4. Memberi keturunan

Perempuan dituntut harus memberi keturunan. Mungkin ini tuntutan berat masyarakat pada perempuan yang masih sering kita dengar di masyarakat. Tak hanya harus memberikan keturunan, bahkan dalam latar cerita anime yang masih kental budaya patriarki ini, perempuan juga harus melahirkan seorang putra. Jika tidak, maka nilai perempuan yang bersangkutan jadi menurun.
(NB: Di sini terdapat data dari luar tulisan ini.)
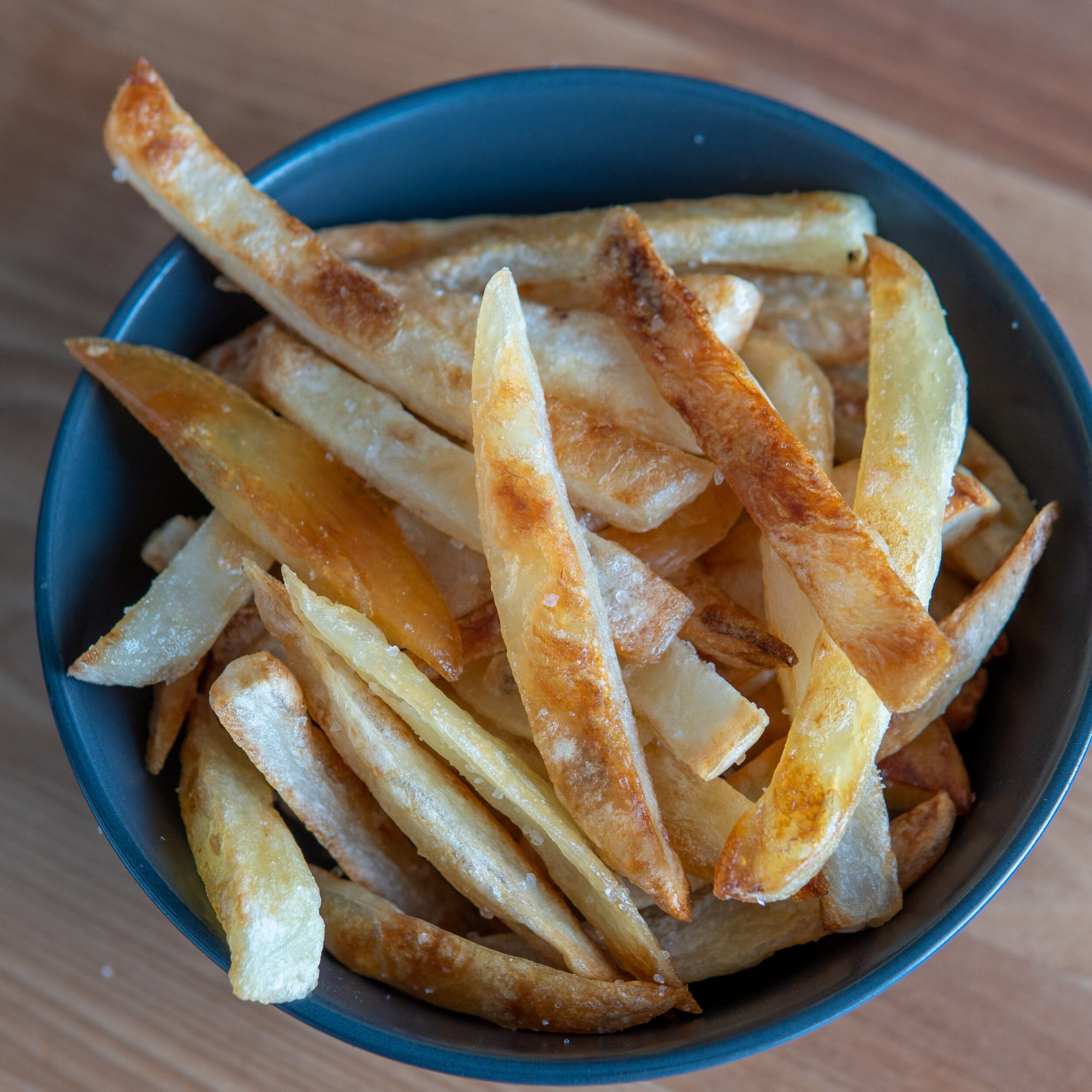 Set a paper towel in a bowl. Pour in the fries and immediately a pinch of salt. Toss the fries with the paper towel so it absorbs the excess oil. Note: Feel free to add spices, fresh herbs, cheeses, or any flavorings of your choice during this stage. Serve and enjoy.
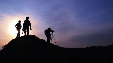 Silhouette of photographers on the mountains at sunrise

Hal tersebut terutama disoroti pada kasus lengsernya Selir Ah Duo. Disebabkan rahimnya yang cacat setelah proses melahirkan yang pertama, ia pun tak bisa mempertahankan posisi sebagai selit tingkat atas. Meski Selir Ah Duo cukup beruntung tidak langsung dicampakkan karena hubungan persahabatannya dengan raja, tetap saja sistem pemilihan permaisuri dan ibu suri sangat didasarkan pada kemampuan perempuan bereproduksi.
5. Bersedia jadi alat politik di belakang layar

Tuntutan yang tak kalah memberatkan yaitu perempuan harus bersedia jadi alat politik di belakang layar. Kasus paling marak yaitu praktik pernikahan politik. Memang jika berkaitan dengan politik, semua orang bisa dijadikan bidak atau alat. Hanya saja peran perempuan benar-benar dibatasi.
Mereka tidak diperkenankan berperan langsung dalam dunia politik dan pemerintahan. Termasuk dalam sektor-sektor penting lainnya. Ambil contoh saja Maomao. Ia memiliki kemampuan medis lebih andal dari dokter yang bertugas di istana dalam, tetapi tetap saja tak bisa menjangkau posisi tersebut secara legal.
Latar belakang cerita anime The Apothecary Diaries adalah masyarakat yang masih kental budaya patriarki. Itu sebabnya tak heran konsep kesetaraan gender belum umum dan cerita dipenuhi dengan tuntutan masyarakat pada perempuan di The Apothecary Diaries. Meski begitu, secara keseluruhan vibes yang ditawarkan anime ini justru berupa kritik secara halus materi-materi patriarki serta kebudayaan tak masuk akal yang memberatkan perempuan.